- _Work instructions_: Copy exactly the lines of the data below, beginning with the line with "Het perceel waarop" and ending with the line with "9月27日,中秋佳节之际,中". Pictures are to be omitted.

- _Records shown_:

______________________________

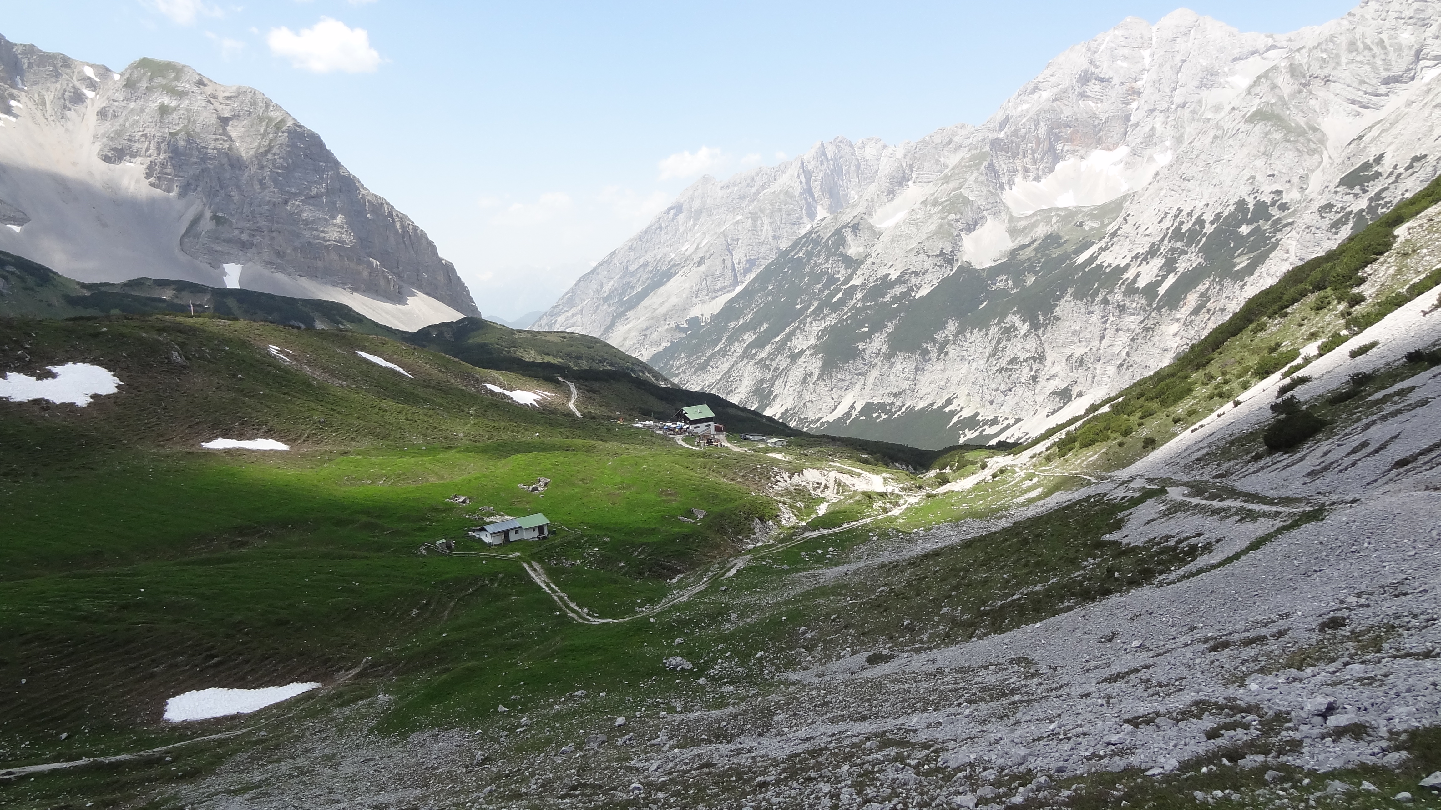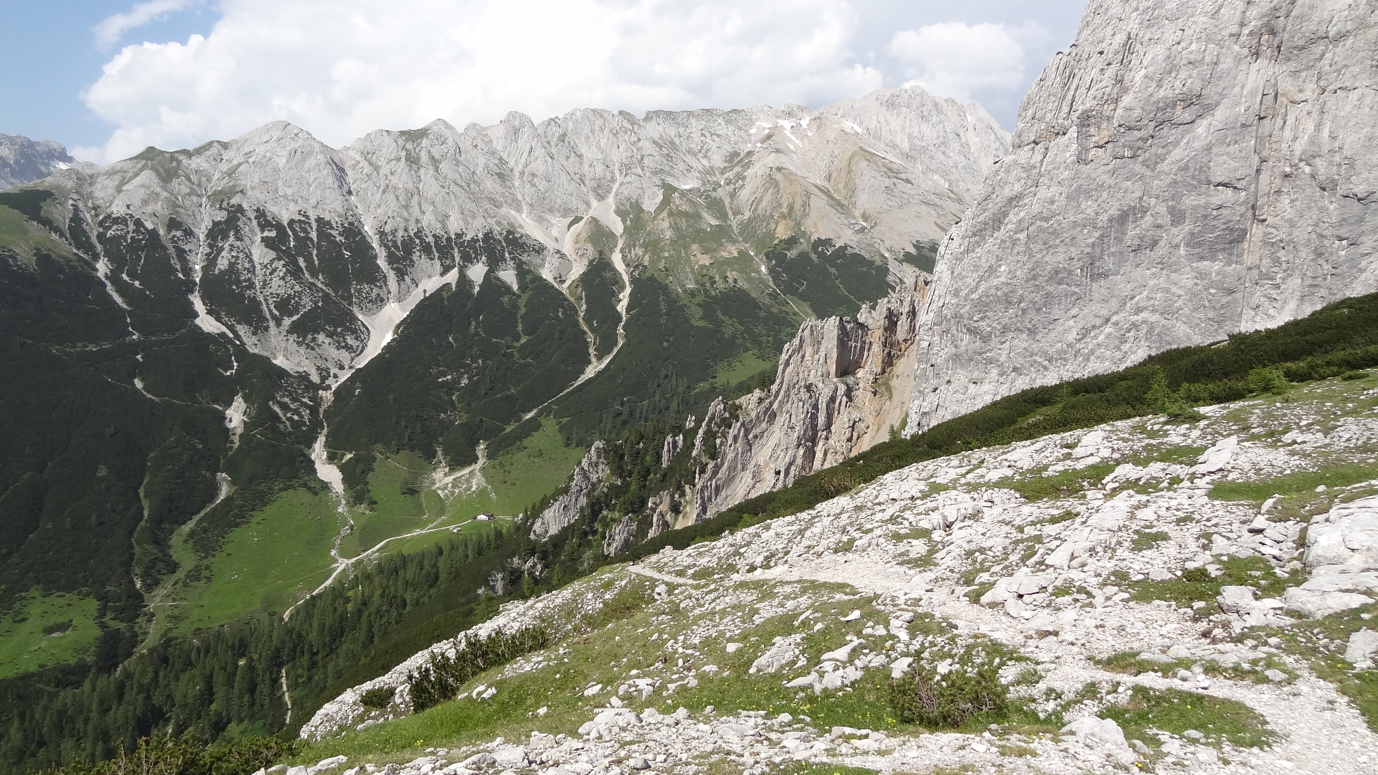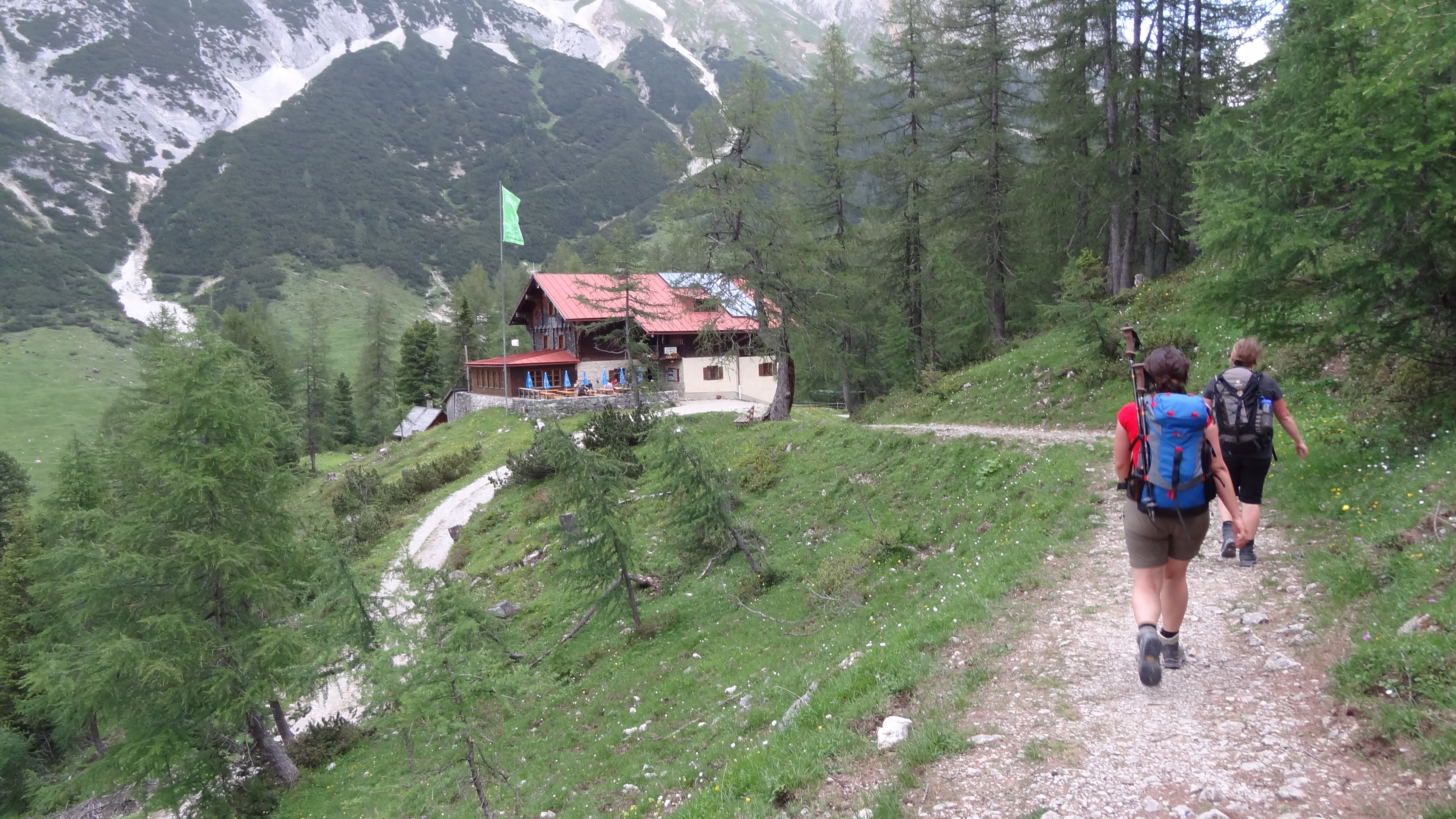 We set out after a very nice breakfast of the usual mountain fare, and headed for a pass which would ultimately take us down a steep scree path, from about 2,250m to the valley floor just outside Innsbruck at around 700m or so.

______________________________

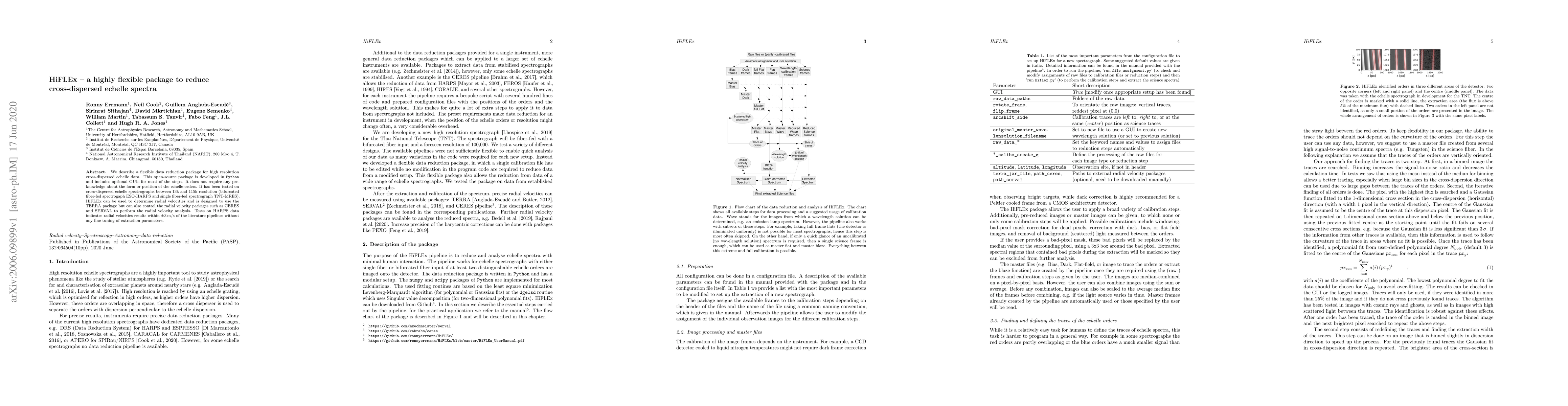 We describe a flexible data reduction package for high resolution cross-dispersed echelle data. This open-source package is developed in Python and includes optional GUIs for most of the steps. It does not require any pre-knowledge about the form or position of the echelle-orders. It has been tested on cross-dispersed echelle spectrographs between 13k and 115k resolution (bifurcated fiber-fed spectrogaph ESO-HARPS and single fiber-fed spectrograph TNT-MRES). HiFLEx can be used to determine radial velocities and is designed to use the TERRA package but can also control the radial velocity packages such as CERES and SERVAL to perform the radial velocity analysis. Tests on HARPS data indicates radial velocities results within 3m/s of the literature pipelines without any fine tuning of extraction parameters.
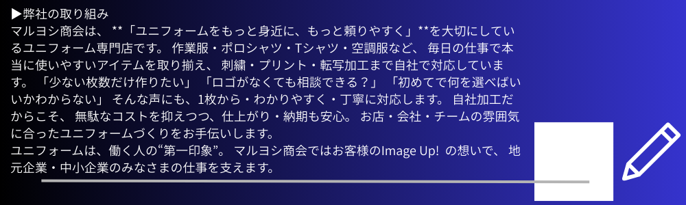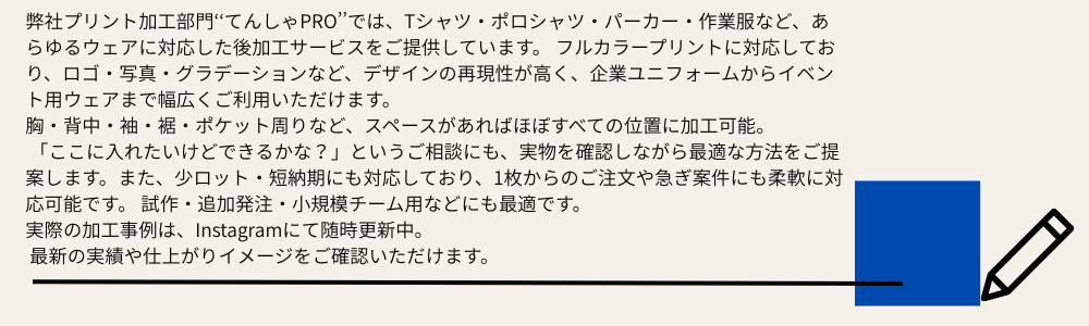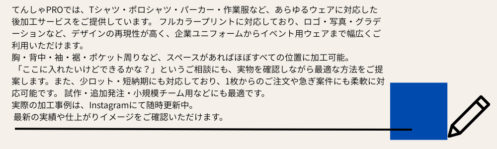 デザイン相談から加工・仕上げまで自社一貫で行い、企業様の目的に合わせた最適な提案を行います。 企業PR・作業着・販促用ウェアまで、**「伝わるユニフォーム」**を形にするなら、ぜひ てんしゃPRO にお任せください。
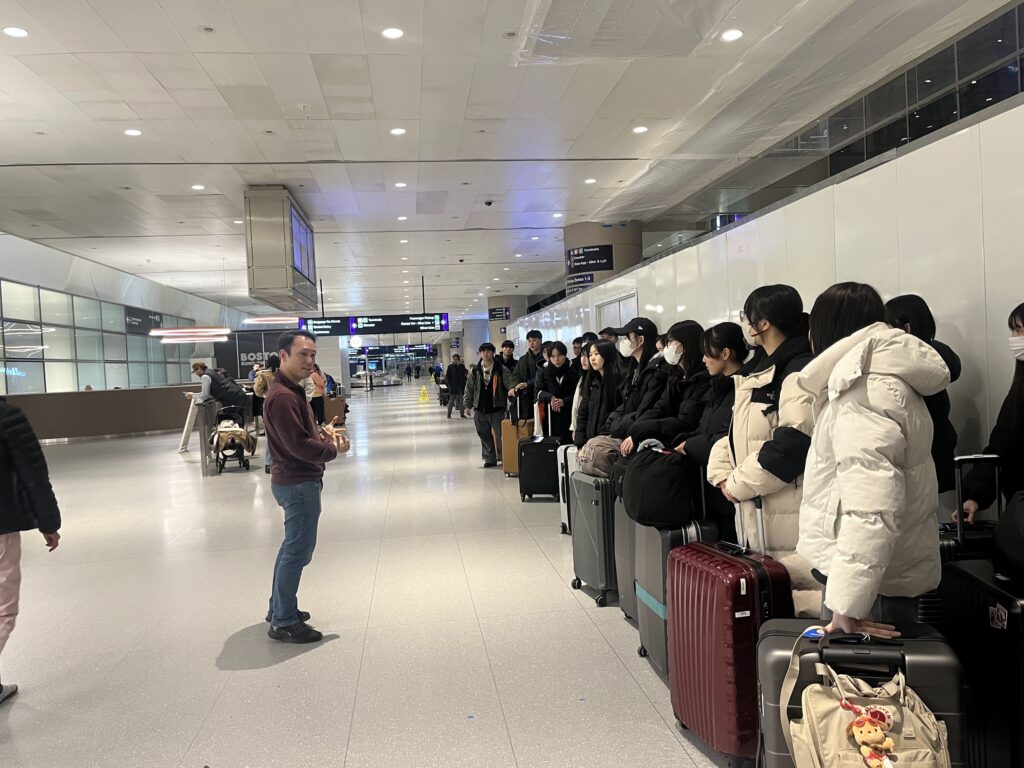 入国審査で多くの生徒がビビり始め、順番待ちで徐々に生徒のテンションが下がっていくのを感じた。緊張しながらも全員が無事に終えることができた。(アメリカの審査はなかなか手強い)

______________________________

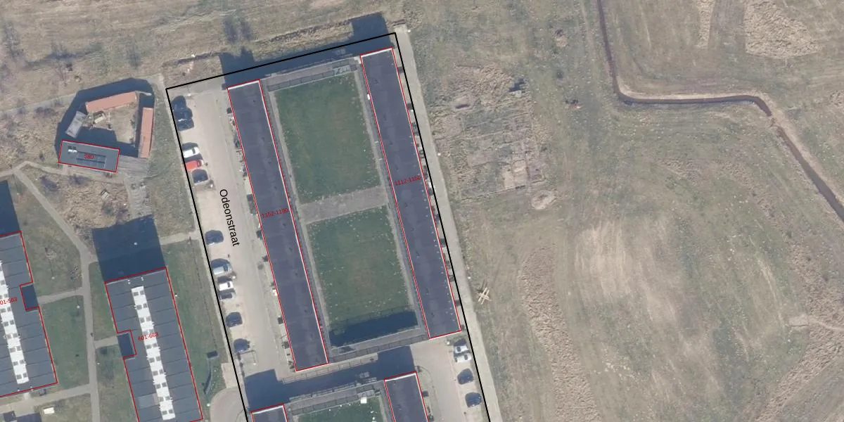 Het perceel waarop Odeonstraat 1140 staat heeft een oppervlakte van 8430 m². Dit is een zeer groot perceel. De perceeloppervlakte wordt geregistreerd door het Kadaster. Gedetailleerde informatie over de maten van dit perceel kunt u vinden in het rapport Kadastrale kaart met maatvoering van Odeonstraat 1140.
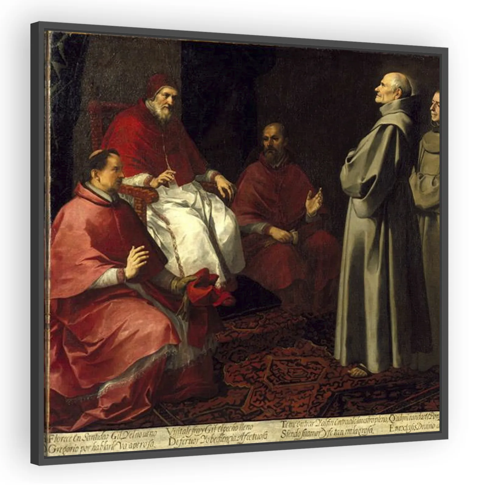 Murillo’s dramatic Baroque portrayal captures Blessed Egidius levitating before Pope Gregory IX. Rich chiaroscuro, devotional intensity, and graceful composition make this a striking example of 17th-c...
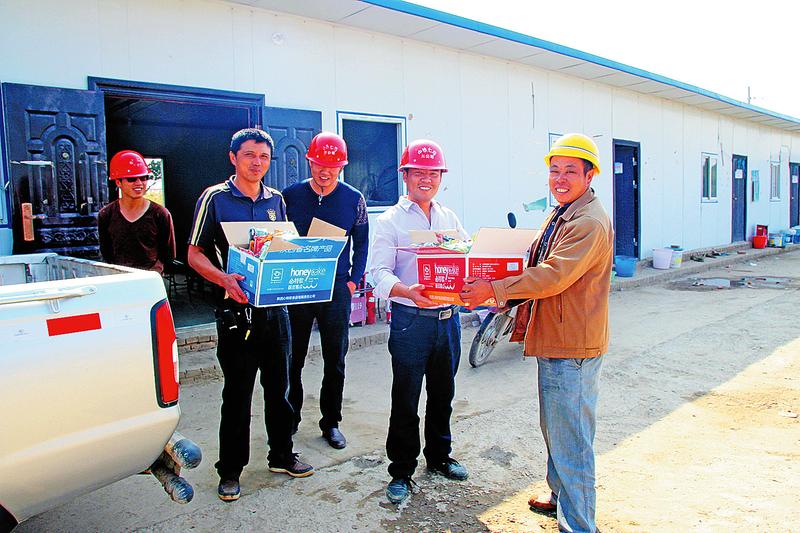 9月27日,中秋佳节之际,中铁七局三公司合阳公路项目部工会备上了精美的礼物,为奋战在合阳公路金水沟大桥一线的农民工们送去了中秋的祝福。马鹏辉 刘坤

______________________________

- _Answer to the problem_:
 Het perceel waarop Odeonstraat 1140 staat heeft een oppervlakte van 8430 m². Dit is een zeer groot perceel. De perceeloppervlakte wordt geregistreerd door het Kadaster. Gedetailleerde informatie over de maten van dit perceel kunt u vinden in het rapport Kadastrale kaart met maatvoering van Odeonstraat 1140.
 Murillo’s dramatic Baroque portrayal captures Blessed Egidius levitating before Pope Gregory IX. Rich chiaroscuro, devotional intensity, and graceful composition make this a striking example of 17th-c...
 9月27日,中秋佳节之际,中铁七局三公司合阳公路项目部工会备上了精美的礼物,为奋战在合阳公路金水沟大桥一线的农民工们送去了中秋的祝福。马鹏辉 刘坤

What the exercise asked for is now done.